What Values Does ATMCassetteStatusCode Support — and When Should You Filter Them?

The Question

“Can you show me all of the possible values for ATMCassetteStatusCode and when it is appropriate to use them? Should any filtering of dropdown values occur? When and why? Can you give me a truth table that both my developers and QA will understand?”

That is a question the average developer would spend an afternoon answering by digging through XSD files and spec PDFs. Watch what happens when the AI has a live connection to the repository.


Step 1 — The MCP Server Returns Every Value With Its Definition

The AI queries the Beneficial Strategies ISO 20022 MCP Server live, navigating the data dictionary directly to the ATMCassetteStatusCode code set. No searching, no guessing — the server returns the complete authoritative list in one call.

The spec defines it as: “Status of a cassette in an ATM.” Here are all 10 values, exactly as registered:

Code ISO Definition
Ok The cash unit is in a good state.
Full The cash unit is full.
High The cash unit is high — it has reached or exceeded the threshold defined for this cassette.
Low The cash unit is low — it has reached or is below the threshold defined for this cassette.
Empty The cash unit is empty.
Inoperative The cash unit is inoperative.
Missing The cash unit is missing.
NotAvailable The values of this cash unit are not available.
NoReference There are no reference values available for this cash unit.
Manipulated The device has been inserted when the device was not in an exchange state.
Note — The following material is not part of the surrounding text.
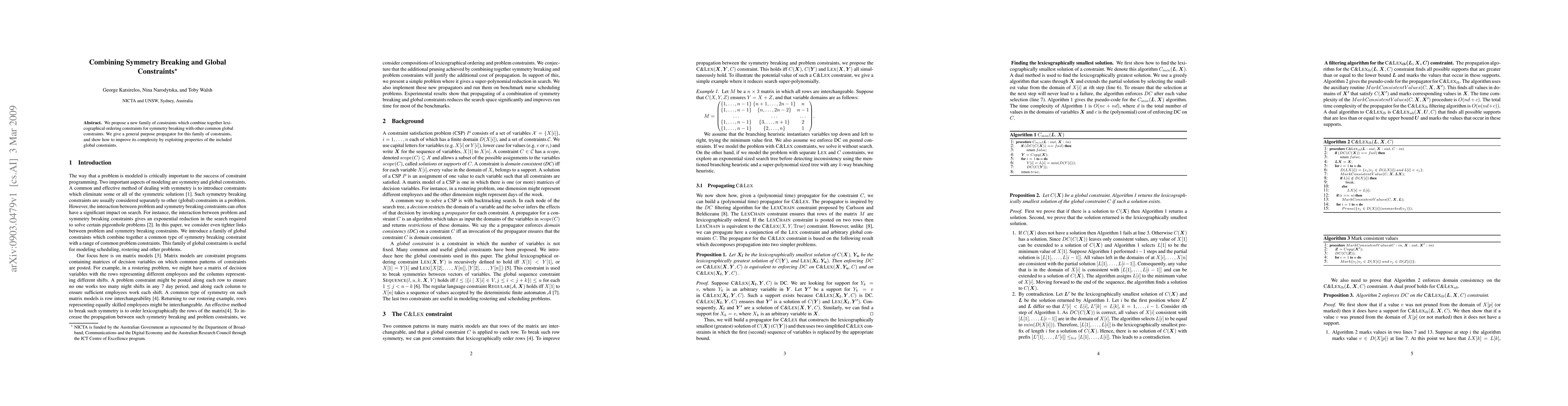 This paper introduces a new set of constraints that merge lexicographical ordering for symmetry breaking with various global constraints, providing a general propagator and demonstrating complexity improvements through the exploitation of global constraint properties.

The server also returns a second code set: ATMCassetteStatus1Code. This is the restricted profile of the base set — it carries the same 10 values but is used in specific versioned ATM messages (the cain message family). The base ATMCassetteStatusCode is the authoritative source of truth for definitions; the 1Code variant is the wire-format type used in message elements.


Step 2 — A Clarifying Question

Before producing the truth table, the AI asks:

“Should the truth table focus on: (a) which status values are valid inputs for each cassette type when reporting status to the acquirer, or (b) which status values should trigger alerts or automated responses in your ATM management system — or both?”

Answer: Both. Developers need to know what to send; QA needs to know what to test.


Step 3 — Context: The Six Cassette Types

The MCP server also returns ATMCassetteTypeCode — the six types of cassette an ATM may contain. This is the key to filtering, because the meaning of a status code changes entirely depending on what the cassette does:

Type Role Fill concern Drain concern
Out Dispenses notes to customers Low/Empty → ATM goes out of service
In Accepts deposits from customers Full → ATM can’t accept more
Recycling Accepts deposits, then re-dispenses them Both (fills from deposits, drains from dispenses) Both
Replenishment Staging cassette — holds extra notes before loading into Out Low/Empty → no backup stock
Reject Collects notes rejected during dispense (unreadable, wrong denom) Full → rejected notes have nowhere to go
Retract Collects notes presented but not taken by customer within timeout Full → retracted notes have nowhere to go

All 10 status values are syntactically valid for all 6 cassette types — the ISO spec does not restrict which codes may appear for a given type. But the operational interpretation — and therefore the alert severity and any UI filtering — depends entirely on the cassette type.


Step 4 — The Truth Table

Part A — Operational Meaning by Cassette Type

This is the reference table for developers implementing status-handling logic. Read each cell as: “What does this status mean when reported for this cassette type?”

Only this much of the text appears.